I completed my PhD in French Linguistics at the University of Cambridge in 2011, and was appointed as Lecturer in French Studies at Queen’s University Belfast in January 2013.


My primary research focus is in sociolinguistics. As a variationist, I consider variation and change to be inherent in language, and work with empirical, quantitative data in order to uncover the hidden patterns in linguistic variation, focusing particularly on morphosyntax (grammar). I examine how speakers choose between two different linguistic variants in order to express the same grammatical function, and consider what this can tell us about the way language works on the social and communicative level. When language change is taking place, what are the factors that lead to one variant being preferred over another? Why can stable variants exist alongside each other for centuries in some cases, while in others, change rapidly results in the (permanent) loss of one variant, albeit sometimes with fossilised usages? Does morphosyntactic variation work in the same way as phonological (sound) variation?
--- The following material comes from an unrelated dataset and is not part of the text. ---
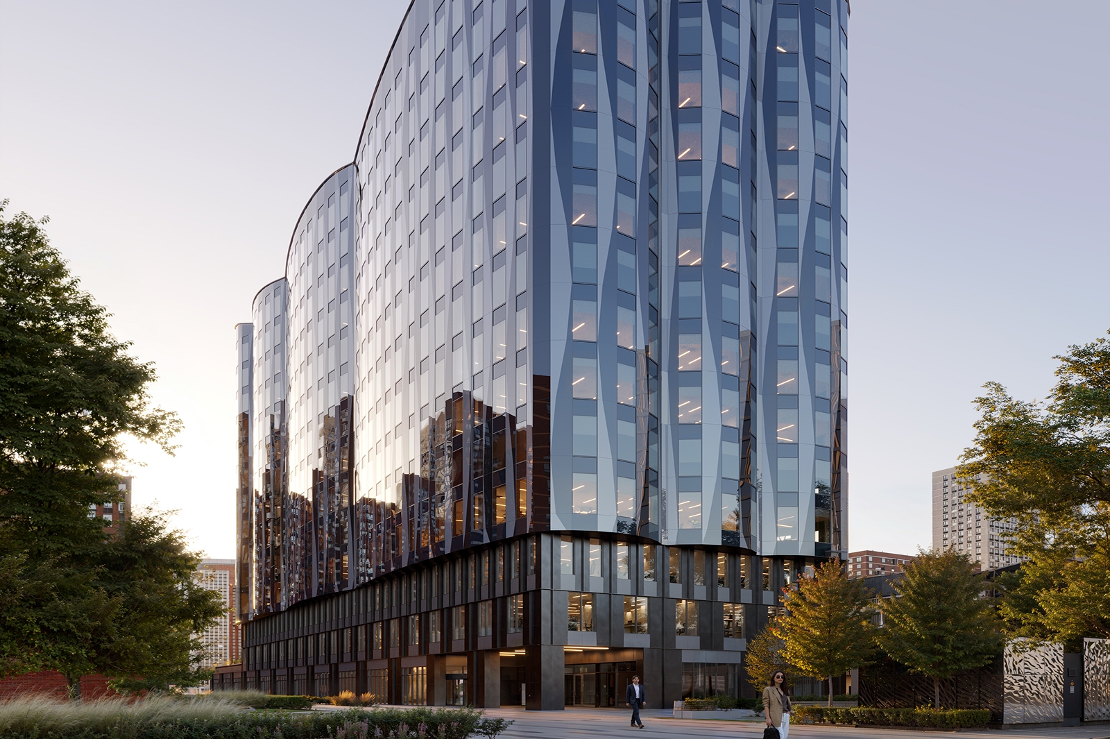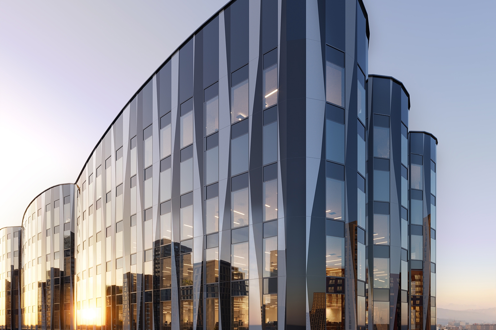 Глянцевые металлические панели отразят небо и окружающий ландшафт, интегрируя комплекс в городскую ткань. Двухцветная вертикальная композиция фасадов обеспечит динамичный запоминающийся силуэт.

As a specialist in French sociolinguistics, I ask how a closer examination of French linguistic variation can contribute to our understanding of language variation more generally, which to date has been largely shaped by studies on English, giving rise to questions about the extent to which findings can be applied to other language situations. Do we find the same patterns of sociolinguistic variation cross-linguistically? I have shown in my research on French that sociolinguistic generalisations developed on the basis of (mainly) anglophone contexts can in fact be applied to the case of metropolitan France, most recently in my monograph with Legenda (2014) and an article in Revue Romane (2015), but more test cases are required. In a recent research project, I investigated the morphosyntactic variants used for future temporal reference in French, using data from the ESLO (Enquêtes Sociolinguistiques à Orléans) corpus of oral French.


My current project explores language change from a different perspective, seeking to understand the role that new digital media play in the relationship between language and society. I am investigating language attitudes on Twitter, focusing on l’écriture inclusive, ‘inclusive writing,’ a form of writing which makes both masculine and feminine endings visible (for example: les étudiant.e.s). The publication in September 2017 of a primary school French language textbook employing l’écriture inclusive provoked a storm of controversy, particularly visible on social media, which has yet to wane. Using data collected from Twitter, I aim to understand what kinds of speakers are engaging in this debate and what they are saying. What are the main arguments used for and against l’écriture inclusive? What are the profiles of French language users on each side of the debate? What does this reveal about attitudes to language reform in the French context? What can this tell us about the way social media function to foment debate about controversial issues in language usage? Social media represent a rich source of data on language attitudes, as yet underexploited for French. My research also seeks to place this debate within the larger context of the feminisation of the French language.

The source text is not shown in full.